• _What the task requires_
What follows is a listing to transcribe exactly, leaving the pictures out.

• _Data block_

______________________________

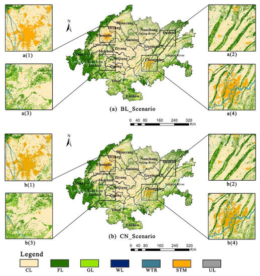 As shown in Figure 3, the land use spatial distribution of the CCUA in 2030 under the two scenarios showed similar characteristics. Among them, Chengdu and Chongqing are still the concentrated distribution areas of STM. FL is mainly distributed in the western part of the CCUA with Mianyang, Deyang, Chengdu, Ya’an, and Leshan, and in the eastern part of the CCUA with Dezhou, Guang’an, Chongqing, and Luzhou. GL is widely distributed in the CCUA, especially in Chongqing, Leshan, Yibin, and Luzhou. CL is still the most prominent land use type in the CCUA, widely distributed in space. Although the area of WL and WTR is relatively small, they are distributed in all counties and urban regions. Among them, the Yangtze River, Jialing River, Minjiang River, and Dadu River in the central and western CCUA connect the WTR systems together.
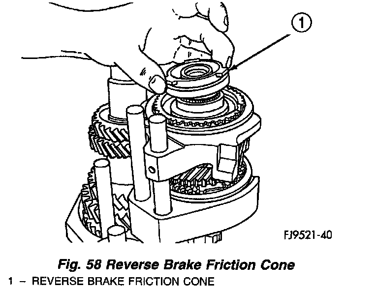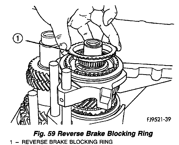 Remove the reverse brake blocking ring, shim, reverse brake friction cone, bearing and race from the input shaft assembly (Fig. 57) (Fig. 58) (Fig. 59) (Fig. 60) (Fig. 61).
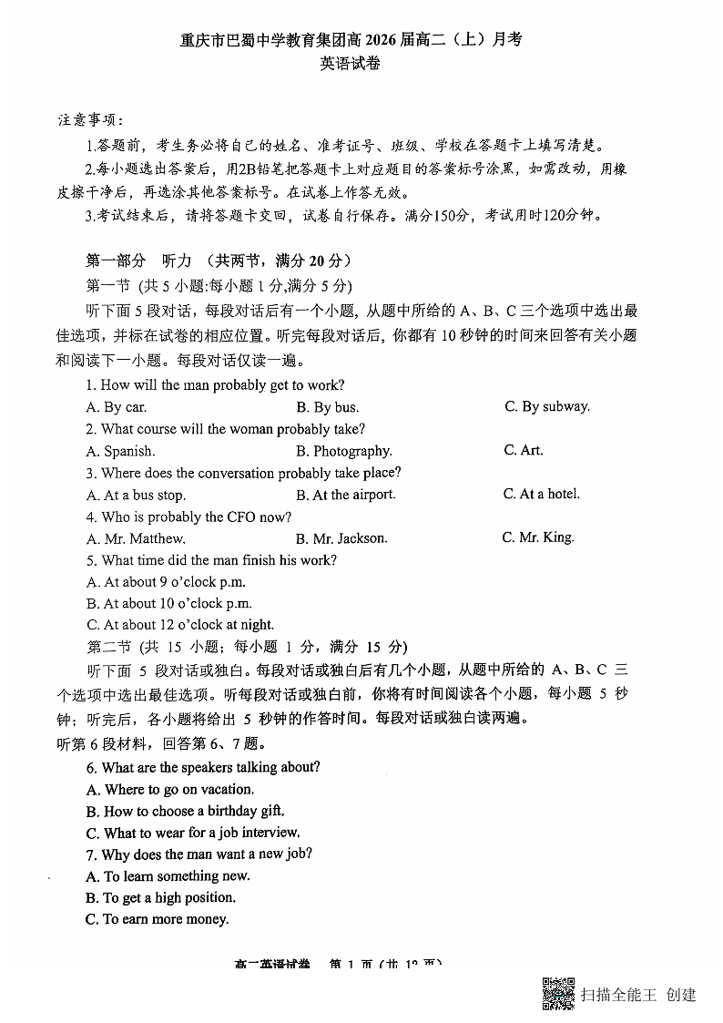 重庆市巴蜀中学教育集团高2026届高二(上)月考考试英语

______________________________

• _Completed task_
 As shown in Figure 3, the land use spatial distribution of the CCUA in 2030 under the two scenarios showed similar characteristics. Among them, Chengdu and Chongqing are still the concentrated distribution areas of STM. FL is mainly distributed in the western part of the CCUA with Mianyang, Deyang, Chengdu, Ya’an, and Leshan, and in the eastern part of the CCUA with Dezhou, Guang’an, Chongqing, and Luzhou. GL is widely distributed in the CCUA, especially in Chongqing, Leshan, Yibin, and Luzhou. CL is still the most prominent land use type in the CCUA, widely distributed in space. Although the area of WL and WTR is relatively small, they are distributed in all counties and urban regions. Among them, the Yangtze River, Jialing River, Minjiang River, and Dadu River in the central and western CCUA connect the WTR systems together.
 Remove the reverse brake blocking ring, shim, reverse brake friction cone, bearing and race from the input shaft assembly (Fig. 57) (Fig. 58) (Fig. 59) (Fig. 60) (Fig. 61).
 重庆市巴蜀中学教育集团高2026届高二(上)月考考试英语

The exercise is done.